As Schürmann righly underlines, Heidegger never relinquishes the Being question in Being and Time. Thus
Das Dasein, i.e., the Being of humanity is in common as in philosophical ‘definition’ comprehended as ζῷον λόγον ἔχον, the living being whose being is essentially determined by the capacity for speech. (Heidegger 1962, 48)
To use today’s popular convention, Dasein’s pronouns, quite for the most part, are they/them.
For Heidegger:
Proximally, it is not ‘I’, in the sense of my own Self, that ‘am’, but rather the Others, whose way is that of the “they.” … Proximally Dasein is “they” and for the most part it remains so. (167)
Although it is Anders (the husband) as opposed to Heidegger (the lover) who invoked both sex and toothaches, Giorgio Agamben has reminded us we ought not read Heidegger apart from love5 and I have argued that love is inseparable from Heidegger’s complex relationship with Arendt.6 I will come back to Heidegger’s own disclosure of this claim as Ludwig Binswanger (1948) also advances it. Here, given the intersection of husbands/wives/lovers, Bazon Brock, the shock artist-philosopher, has informed the present author that Elfriede confided in him regarding Heidegger’s impotence. One may find this ludicrous and perhaps one should: given the source — Brock specializes in provocation as a Fluxus conceptual artist — but it is no more ludicrous/embarrassing as ontic bodily details go, than is Anders’ letter to the publisher [Suhrkamp] regarding Alma Mahler-Werfel’s autobiography (she of the famous ‘Alma Problem’ in Mahler scholarship) to check the report, ‘attested by his wife,’ here as an indirect source, of “Werfel’s bedwetting.” (Anders 2022, 47)
Brock’s gossip — I’ll come back to this — is an instance, ‘picture book’ or nearly, of Gerede, thus to be distinguished from Agamben’s classically hermeneutic reflection on love.

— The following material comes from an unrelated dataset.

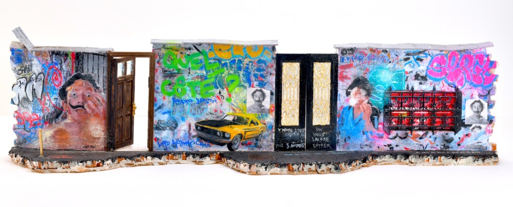 A highlight of the show is a meticulous sculpture of Serge Gainsbourg’s home on the rue de Verneuil from Lord Anthony Cahn. The home has been a prime Parisian hot spot over the years, even when he was living there, as fans and friends could leave their own marks and tributes on the home’s outer walls which is what Lord Anthony Cahn did, covering the sculpture with his own signs and symbols and graffitis. The collector who acquires this work will also be given a property deed to the house. The house, regarded as a shrine as nothing has changed inside or outside since Gainsbourg’s death in 1991, is currently being converted into a museum. Meanwhile the show, entitled Gainsb’art, a word play on his nickname Gainsbard, is being held inside the Yoxeone Art Gallery, which is also a highly original concept store, until November 15th.
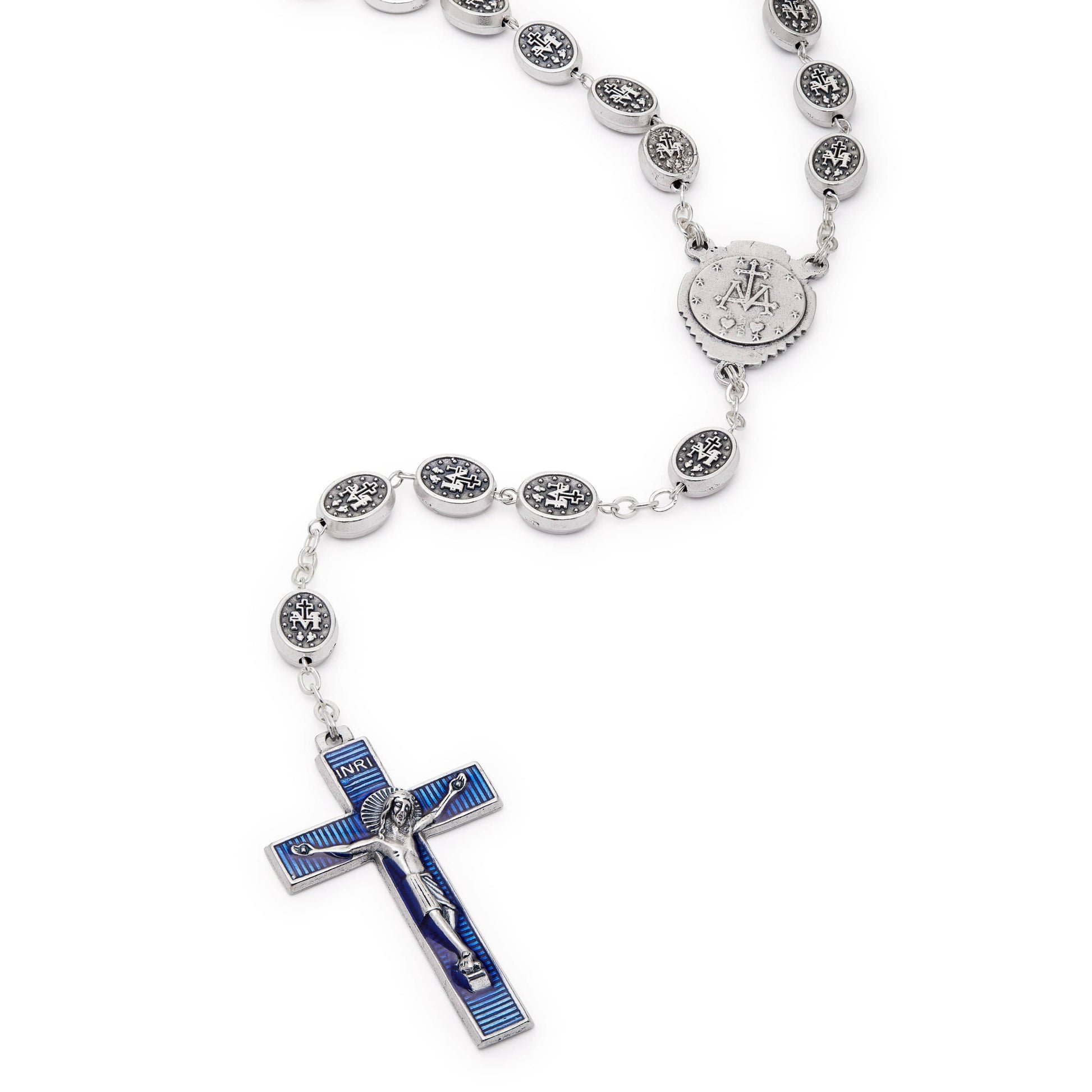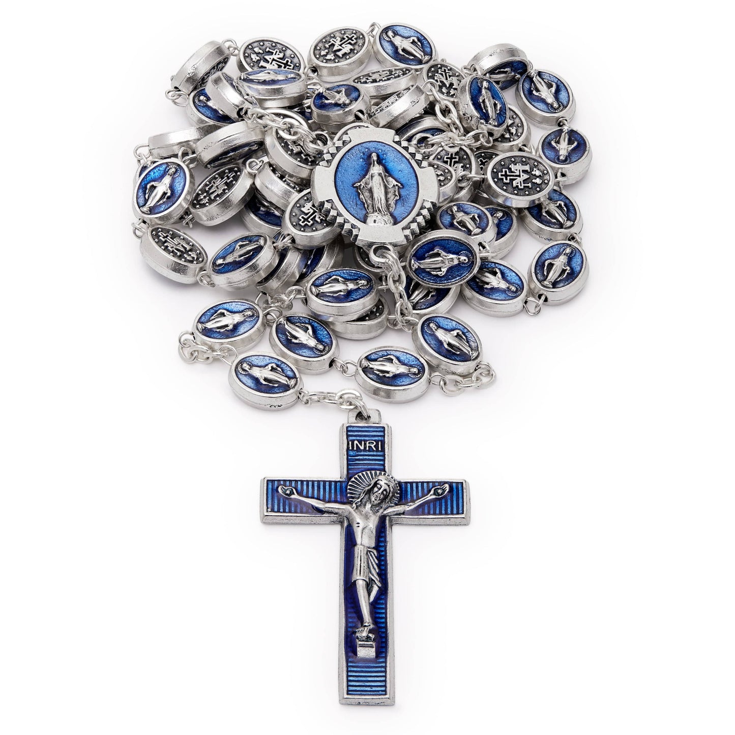 Hermoso Rosario formado por 59 cuentas de laMedalla Milagrosa. Todas las cuentas son de zamak con fondo azul esmaltado. Elesmalte está bien trabajado y aplicado con precisión en las cuentas. Lascuentas miden 8 mm aproximadamente. Todas las cuentas de la Medalla Milagrosaestán enhebradas con una fuerte cadena metálica. El Rosario es pesado, pero escómodo para rezar. El fondo esmaltado del crucifijo combina a la perfección conla pieza central de la Medalla Milagrosa.

What bears reflection, and I have written on this elsewhere as has, indirectly, Bill Richardson via Lacan and Marilyn Monroe (Babich 2019; Richardson 1987), Heidegger supposes himself to have explicated ‘love.’ The particularity of Heidegger’s voice is as personal and as reflexive as the tone of Bazon’s remarks. In his Zollikon Seminars, speaking to psychoanalysts and psychologists, Heidegger contends that he has been under- or misread, specifically by Binswanger who took up the notion of Dasein for his own purposes (Binswanger 1942) as Heidegger writes:7
You can see this from the fact that there is a ‘supplement’ to Heidegger’s gloomy care [düstere Sorge] in Binswanger’s lengthy book on the fundamental forms of Dasein. It is essentially a treatise on love, a topic that Heidegger has supposedly neglected. (Heidegger 1994, 115)8
The Body and Dasein as the Human: Who, then, is Dasein?
Is ‘Dasein,’ as Husserl claimed and as many today might also argue, simply another word for the human being? Does Dasein correspond to Heidegger’s (scholastically tinged) ‘anthropology,’ as Husserl charged and as it would take Anders to demonstrate (negatively)9 or Heidegger’s psychologism?10 For readers in a transhuman and posthuman era, such associations convict Heidegger of an unfashionable ‘humanism.’ We need to be cautious given the countercharge as this reigned for time, for the French humanist existentialists of Heidegger’s era, as Jean Beaufret wrote to Heidegger in a post-war letter, that Heidegger had failed to think the human to begin with.11
For his own part, Heidegger increasingly opted to hyphenate Da-Sein, foregrounding the shift from ‘existence’ as generically parsed to the specific ‘there’ — or even ‘here’ — of being.
In his brief lecture notes on Being and Time, Schürmann (2008) highlights what belongs to the being that is Dasein, that is: what this being has. It was this distinction inspired Husserl, to write “on the first page of his copy of Being and Time: ‘Ist das nicht Anthropologie?’” (56).
Critically opposing a reading of Heidegger in terms of philosophical anthropology, post-Jaspers and post-Sartre, yielding a “so called ‘ontology of human existence’” (ibid.) — i.e., reading Heidegger as most scholars tend to read him as existentialist (a designation Heidegger repeatedly refused), Schürmann, who is more careful than most, clarifies that
What Heidegger aimed at overcoming in Being and Time was the traditional understanding of man as one entity, one res, among others — endowed, not with chlorophyll as some plants, nor with wings or fins as some animals, but with “animal rationale.” Man is that living being that possesses reason (or speech, this this is the Latin version of Aristotle’s ζῷον λόγον ἔχων). Quite correctly, Being and Time was and continues to be seen as an attack against the uncritical division of things into those that are merely physical and those that also have a mind, into extended things and thinking things. (Schürmann 2008, 56).
If it is certainly true that Heidegger influences what becomes French existentialism together with thenand current trends in philosophical anthropology, Heidegger’s own project may be reduced to neither and hence Schürmann underlines that Heidegger’s concern exceeds “the philosophy of subjectivity.” (Ibid., 57) The same Schürmann who insists on using the term “man” in his notes, a term which was only in part automatic in his day (not every author did this), observes that “Dasein means that man cannot be understood without his world, and correlatively that the world is always man’s world.” (Schürmann 2008, 57).12
Dasein holds the key to Being and Time, at least so Heidegger argues (for the Being question) and substantively as Schürmann observes:
…out of the 83 sections of Being and Time, 75 deal with an analysis of what Heidegger calls “Dasein”, for which there seems to be no English equivalent. (Schürmann 2008, 57).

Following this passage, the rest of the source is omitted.